Guidelines on Writing an M.A. Thesis Proposal
M.A. Thesis Proposal Guidelines
Every M.A. thesis project needs to begin with an original research proposal. Any good proposal does at least two things: it articulates an interesting question or goal, and it lays out a plan for answering that question or achieving that goal.
A good proposal tells a varied reviewer audience why your project is novel, describes its significance to your discipline, presents a detailed methodology or course of action, details the preparation and resources that you have lined up to date, and commits to a final product that will contribute to the academic community’s understanding of your topic.
The ideal format and language for such a proposal varies with the audience at hand and the project in question.
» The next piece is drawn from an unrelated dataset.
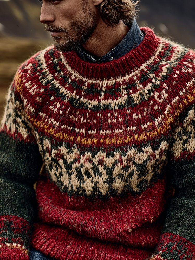 Irish Vintage Knit Totem Men's Hooded Sweater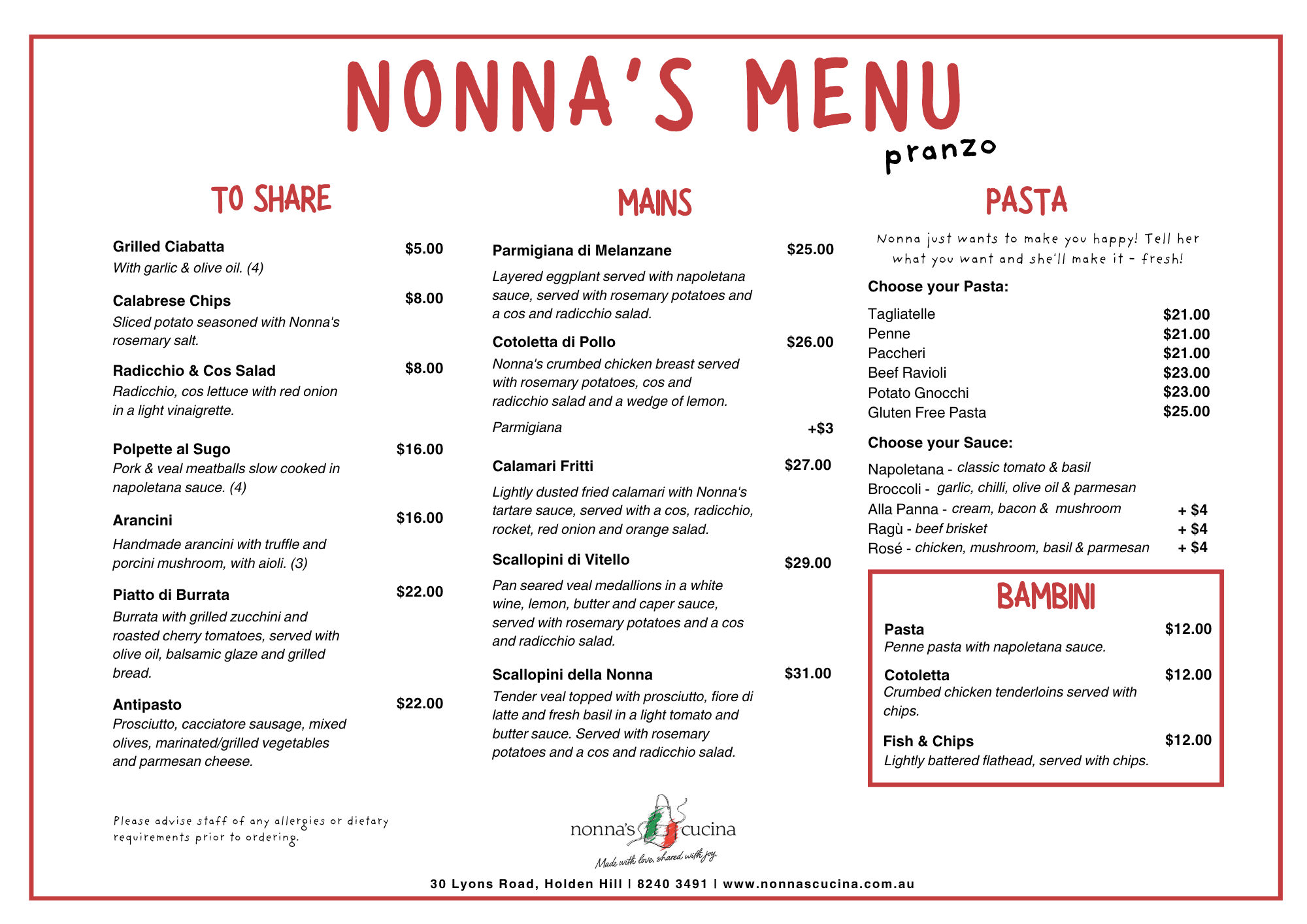 We can't wait to welcome you to Nonna's Cafe!

Different departments, programs, and agencies have different requirements in terms of the size and scope of the proposal. Regardless of format, length, or organization, a good proposal will address the following topics:
Aim and Scope: What is the goal of your project? Provide a one to two paragraph overview of the project.
Background and Context: Provide the reader with enough information to understand the nature of the project.
Research Questions: What question do you want to answer? What hypothesis do you wish to test? What themes do you want to explore?
Conceptual Framework: Here provide a short overview of the main bodies of literature that you will engage with in your project. Identify about 3 bodies of literature, provide one paragraph on each, and then discuss in a final fourth paragraph how you will bring them together. This is like a literature review section.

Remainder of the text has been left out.